══ RECORDS PROVIDED ══

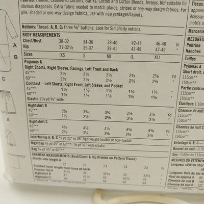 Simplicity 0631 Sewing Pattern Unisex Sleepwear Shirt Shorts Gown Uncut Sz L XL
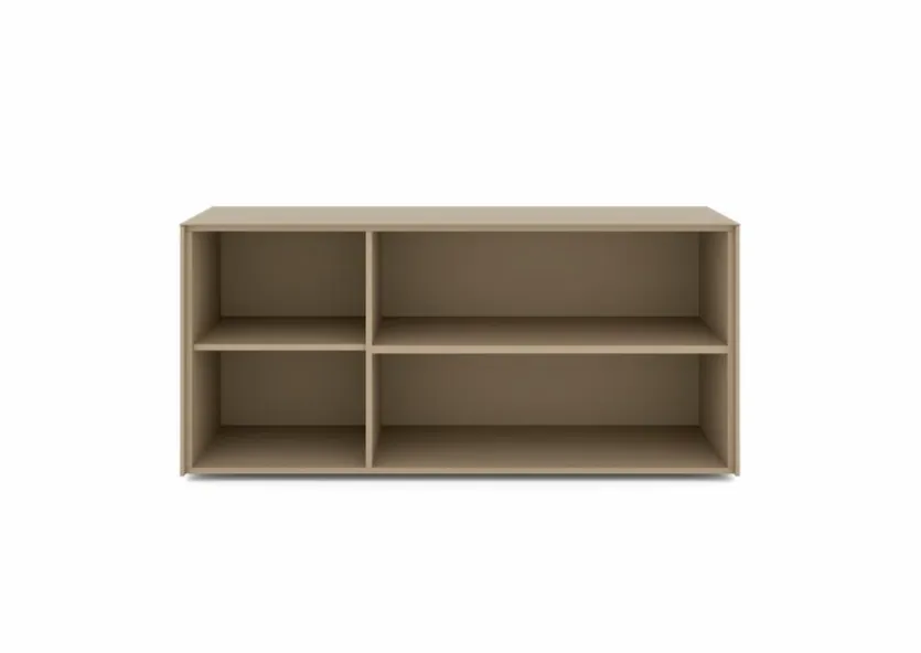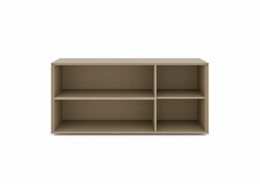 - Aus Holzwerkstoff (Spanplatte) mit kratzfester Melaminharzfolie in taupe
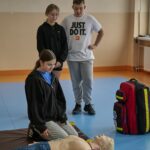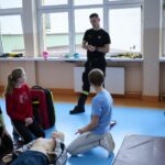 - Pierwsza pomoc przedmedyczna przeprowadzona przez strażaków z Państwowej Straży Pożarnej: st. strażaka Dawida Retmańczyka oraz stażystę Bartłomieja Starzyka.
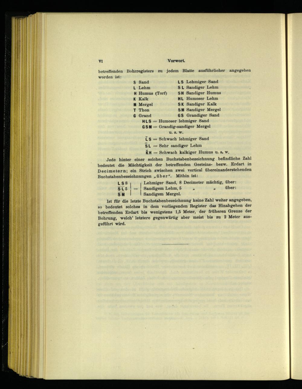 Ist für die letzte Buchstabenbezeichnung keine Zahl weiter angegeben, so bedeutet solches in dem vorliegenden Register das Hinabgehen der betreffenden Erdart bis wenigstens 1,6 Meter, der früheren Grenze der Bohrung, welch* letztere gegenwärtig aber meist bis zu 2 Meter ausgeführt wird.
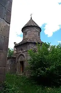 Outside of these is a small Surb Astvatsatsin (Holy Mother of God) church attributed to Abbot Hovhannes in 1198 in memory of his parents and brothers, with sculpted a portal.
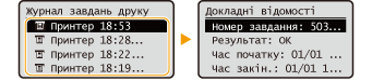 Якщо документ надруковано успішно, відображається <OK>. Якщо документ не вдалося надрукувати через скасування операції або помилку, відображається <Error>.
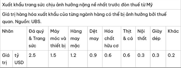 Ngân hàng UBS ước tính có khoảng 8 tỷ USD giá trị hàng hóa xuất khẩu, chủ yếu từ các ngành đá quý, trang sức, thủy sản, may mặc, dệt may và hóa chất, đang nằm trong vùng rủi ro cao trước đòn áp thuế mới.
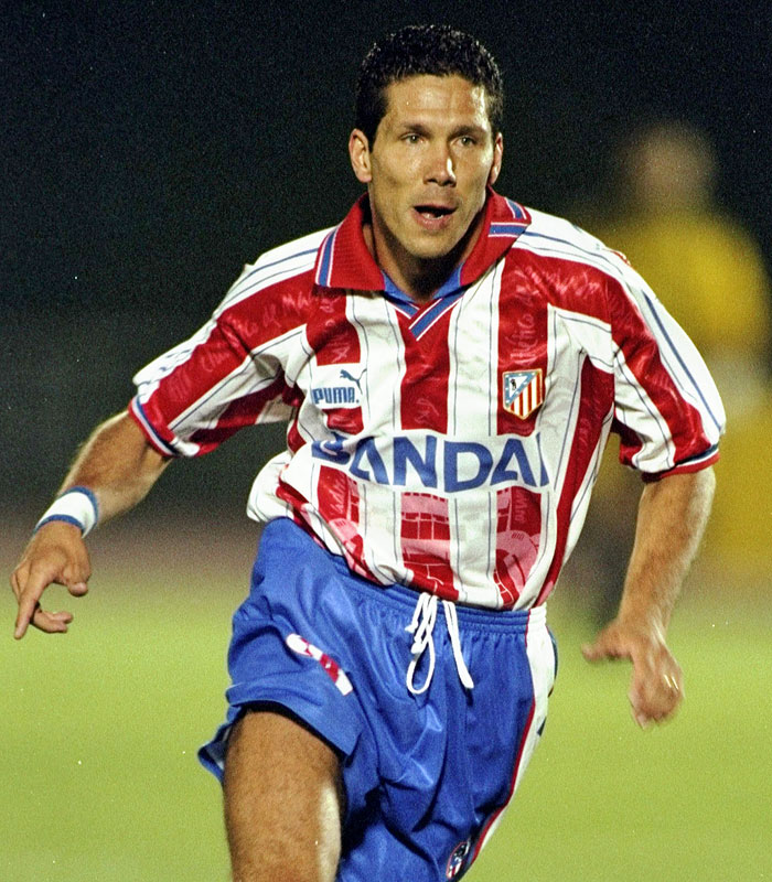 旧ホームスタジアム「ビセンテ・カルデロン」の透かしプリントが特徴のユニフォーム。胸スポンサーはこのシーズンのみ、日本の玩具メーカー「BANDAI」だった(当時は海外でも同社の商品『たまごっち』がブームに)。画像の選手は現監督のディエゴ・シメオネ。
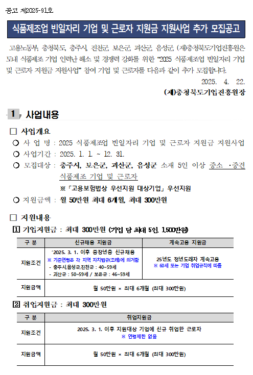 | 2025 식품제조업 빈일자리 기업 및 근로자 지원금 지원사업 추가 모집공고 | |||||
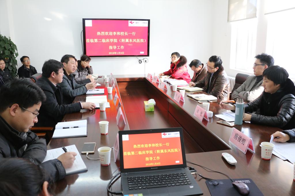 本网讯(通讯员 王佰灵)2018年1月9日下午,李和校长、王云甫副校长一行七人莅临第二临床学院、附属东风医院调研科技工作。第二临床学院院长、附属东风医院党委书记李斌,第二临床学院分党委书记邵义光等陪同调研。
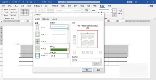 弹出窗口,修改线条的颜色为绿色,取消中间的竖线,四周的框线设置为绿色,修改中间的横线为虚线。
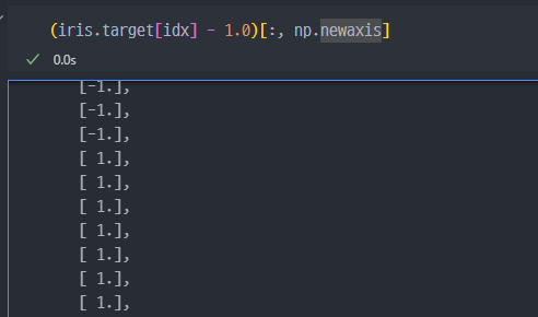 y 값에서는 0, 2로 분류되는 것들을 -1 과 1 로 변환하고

═══
══ RECORDS PROVIDED ══

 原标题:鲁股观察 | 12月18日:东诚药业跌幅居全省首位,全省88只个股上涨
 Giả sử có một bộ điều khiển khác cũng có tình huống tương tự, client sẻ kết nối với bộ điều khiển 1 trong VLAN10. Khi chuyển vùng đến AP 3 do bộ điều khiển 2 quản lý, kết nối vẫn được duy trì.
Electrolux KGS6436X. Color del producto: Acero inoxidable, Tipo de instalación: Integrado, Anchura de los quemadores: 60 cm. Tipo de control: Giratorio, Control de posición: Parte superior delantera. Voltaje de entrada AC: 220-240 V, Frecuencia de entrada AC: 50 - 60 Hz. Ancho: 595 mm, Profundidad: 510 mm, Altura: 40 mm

═══

## DIRECTIONS:
Transcribe, word for word, the lines of the listing above from the one that contains "Simplicity 0631 Sewing" through the one that contains "y 값에서는 0, 2로 분류되는 것들을 -1 과 1 로 변환하고", keeping both ends and dropping the pictures.

## RESPONSE TO THE EXERCISE:
 Simplicity 0631 Sewing Pattern Unisex Sleepwear Shirt Shorts Gown Uncut Sz L XL
 - Aus Holzwerkstoff (Spanplatte) mit kratzfester Melaminharzfolie in taupe
 - Pierwsza pomoc przedmedyczna przeprowadzona przez strażaków z Państwowej Straży Pożarnej: st. strażaka Dawida Retmańczyka oraz stażystę Bartłomieja Starzyka.
 Ist für die letzte Buchstabenbezeichnung keine Zahl weiter angegeben, so bedeutet solches in dem vorliegenden Register das Hinabgehen der betreffenden Erdart bis wenigstens 1,6 Meter, der früheren Grenze der Bohrung, welch* letztere gegenwärtig aber meist bis zu 2 Meter ausgeführt wird.
 Outside of these is a small Surb Astvatsatsin (Holy Mother of God) church attributed to Abbot Hovhannes in 1198 in memory of his parents and brothers, with sculpted a portal.
 Якщо документ надруковано успішно, відображається <OK>. Якщо документ не вдалося надрукувати через скасування операції або помилку, відображається <Error>.
 Ngân hàng UBS ước tính có khoảng 8 tỷ USD giá trị hàng hóa xuất khẩu, chủ yếu từ các ngành đá quý, trang sức, thủy sản, may mặc, dệt may và hóa chất, đang nằm trong vùng rủi ro cao trước đòn áp thuế mới.
 旧ホームスタジアム「ビセンテ・カルデロン」の透かしプリントが特徴のユニフォーム。胸スポンサーはこのシーズンのみ、日本の玩具メーカー「BANDAI」だった(当時は海外でも同社の商品『たまごっち』がブームに)。画像の選手は現監督のディエゴ・シメオネ。
 | 2025 식품제조업 빈일자리 기업 및 근로자 지원금 지원사업 추가 모집공고 | |||||
 本网讯(通讯员 王佰灵)2018年1月9日下午,李和校长、王云甫副校长一行七人莅临第二临床学院、附属东风医院调研科技工作。第二临床学院院长、附属东风医院党委书记李斌,第二临床学院分党委书记邵义光等陪同调研。
 弹出窗口,修改线条的颜色为绿色,取消中间的竖线,四周的框线设置为绿色,修改中间的横线为虚线。
 y 값에서는 0, 2로 분류되는 것들을 -1 과 1 로 변환하고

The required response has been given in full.